= Records =
· · ·

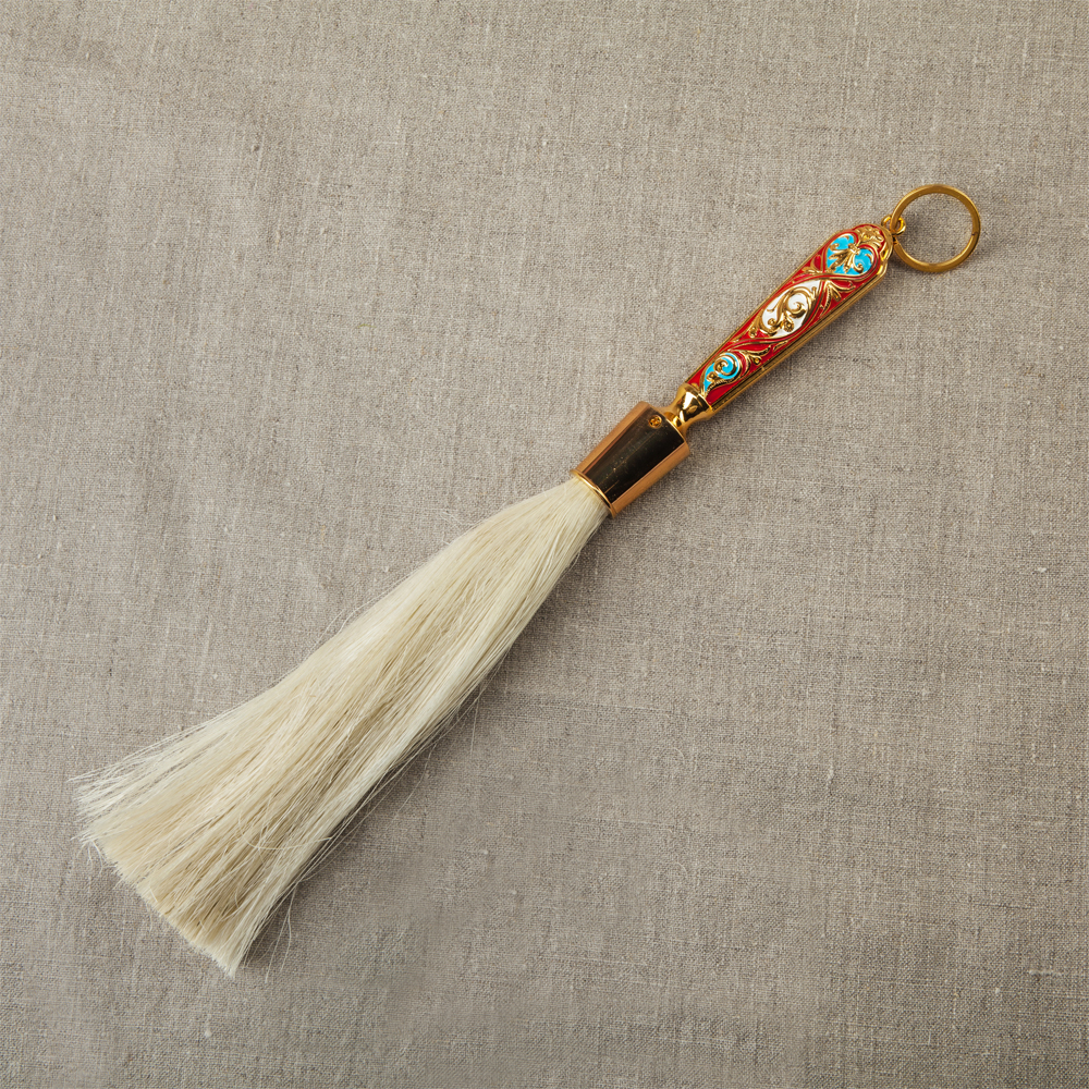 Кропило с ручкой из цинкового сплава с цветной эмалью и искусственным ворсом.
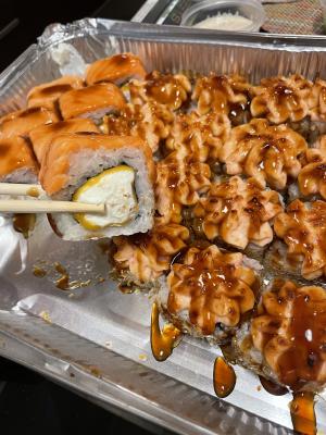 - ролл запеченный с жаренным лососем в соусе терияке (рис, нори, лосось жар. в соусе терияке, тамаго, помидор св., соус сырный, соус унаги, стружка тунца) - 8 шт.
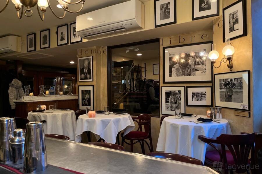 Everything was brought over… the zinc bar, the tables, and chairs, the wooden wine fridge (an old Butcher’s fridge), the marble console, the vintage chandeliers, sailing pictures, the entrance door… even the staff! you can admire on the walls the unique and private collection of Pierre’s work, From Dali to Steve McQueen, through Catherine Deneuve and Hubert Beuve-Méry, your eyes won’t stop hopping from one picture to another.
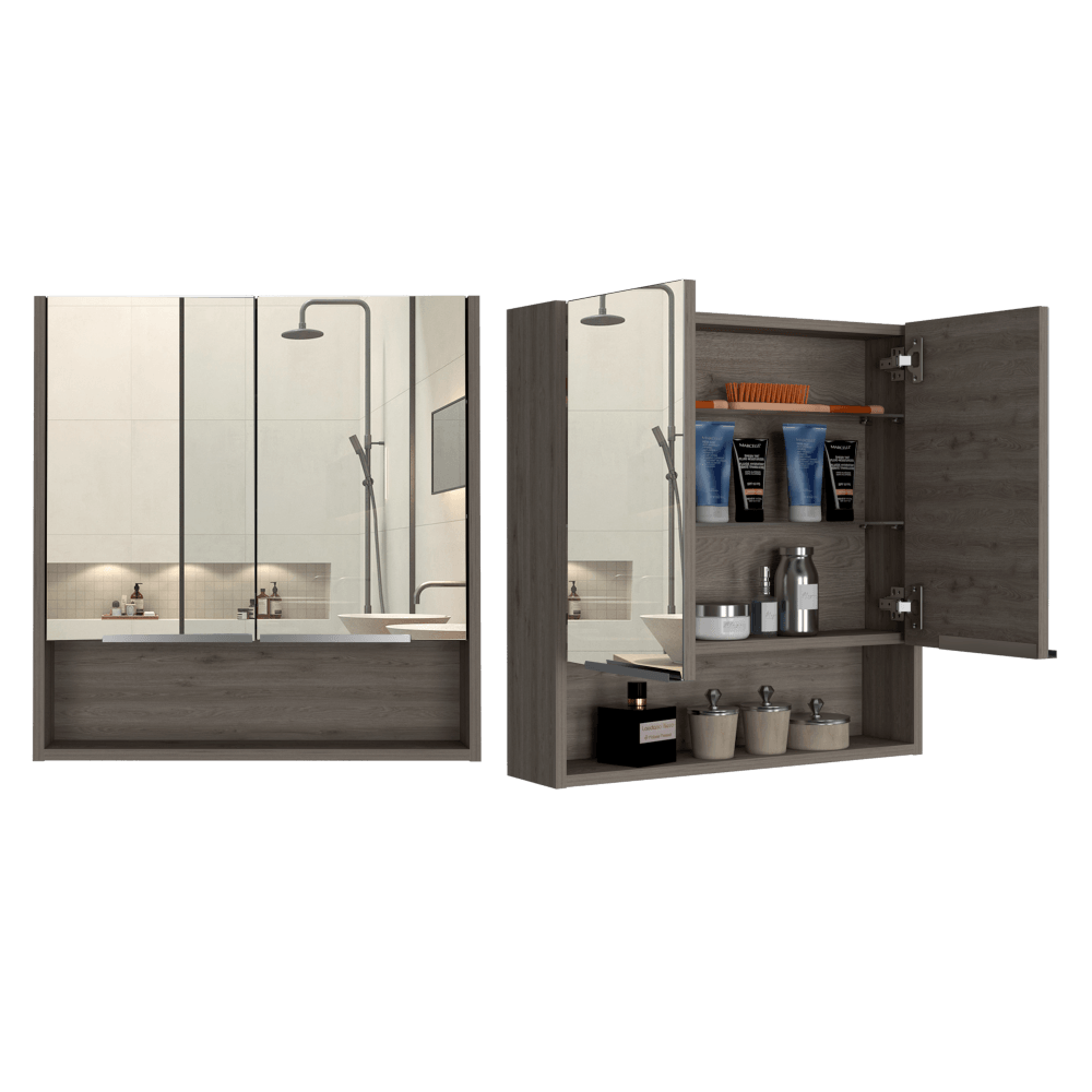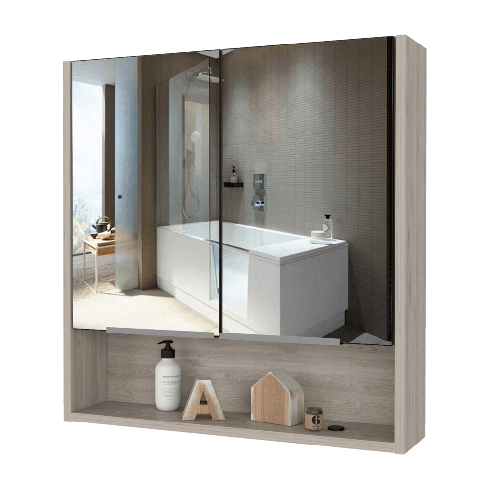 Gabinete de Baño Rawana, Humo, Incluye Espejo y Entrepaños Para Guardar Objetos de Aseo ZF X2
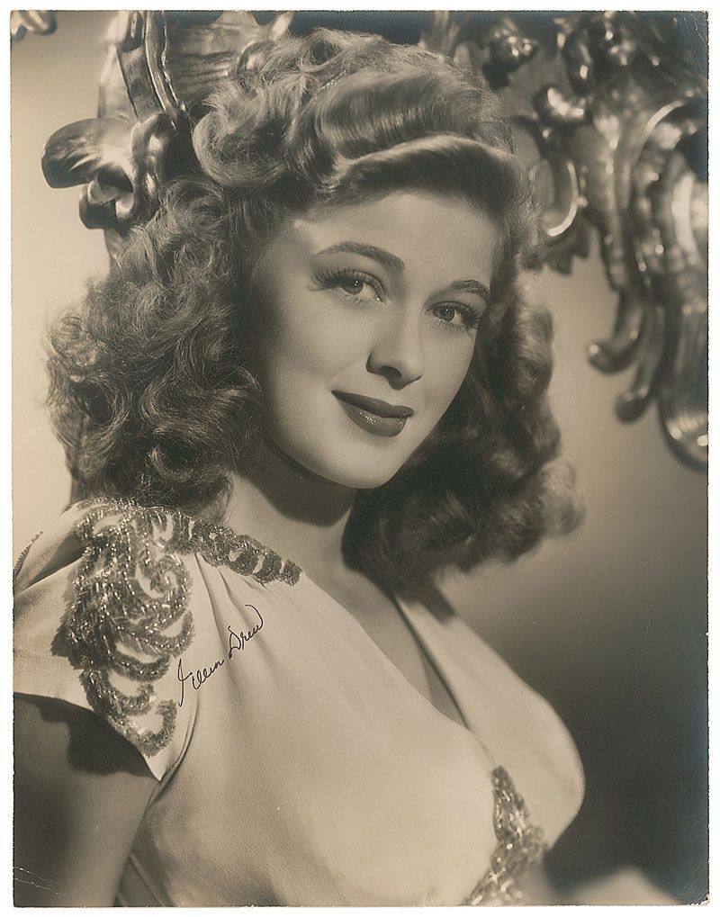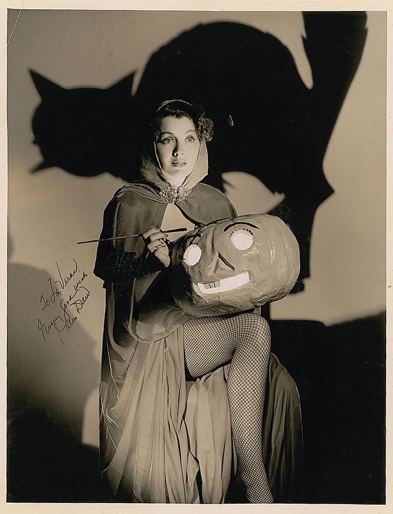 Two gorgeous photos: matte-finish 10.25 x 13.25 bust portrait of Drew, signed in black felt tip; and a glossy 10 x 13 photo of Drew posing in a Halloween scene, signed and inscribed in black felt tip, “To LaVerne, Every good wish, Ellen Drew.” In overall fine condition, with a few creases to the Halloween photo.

· · ·

= What this task involves =
Exercise for the records above: copy only the lines from the one with "- ролл запеченный" to the one with "Gabinete de Baño", both ends kept, and drop the pictures.

= Your solution =
 - ролл запеченный с жаренным лососем в соусе терияке (рис, нори, лосось жар. в соусе терияке, тамаго, помидор св., соус сырный, соус унаги, стружка тунца) - 8 шт.
 Everything was brought over… the zinc bar, the tables, and chairs, the wooden wine fridge (an old Butcher’s fridge), the marble console, the vintage chandeliers, sailing pictures, the entrance door… even the staff! you can admire on the walls the unique and private collection of Pierre’s work, From Dali to Steve McQueen, through Catherine Deneuve and Hubert Beuve-Méry, your eyes won’t stop hopping from one picture to another.
 Gabinete de Baño Rawana, Humo, Incluye Espejo y Entrepaños Para Guardar Objetos de Aseo ZF X2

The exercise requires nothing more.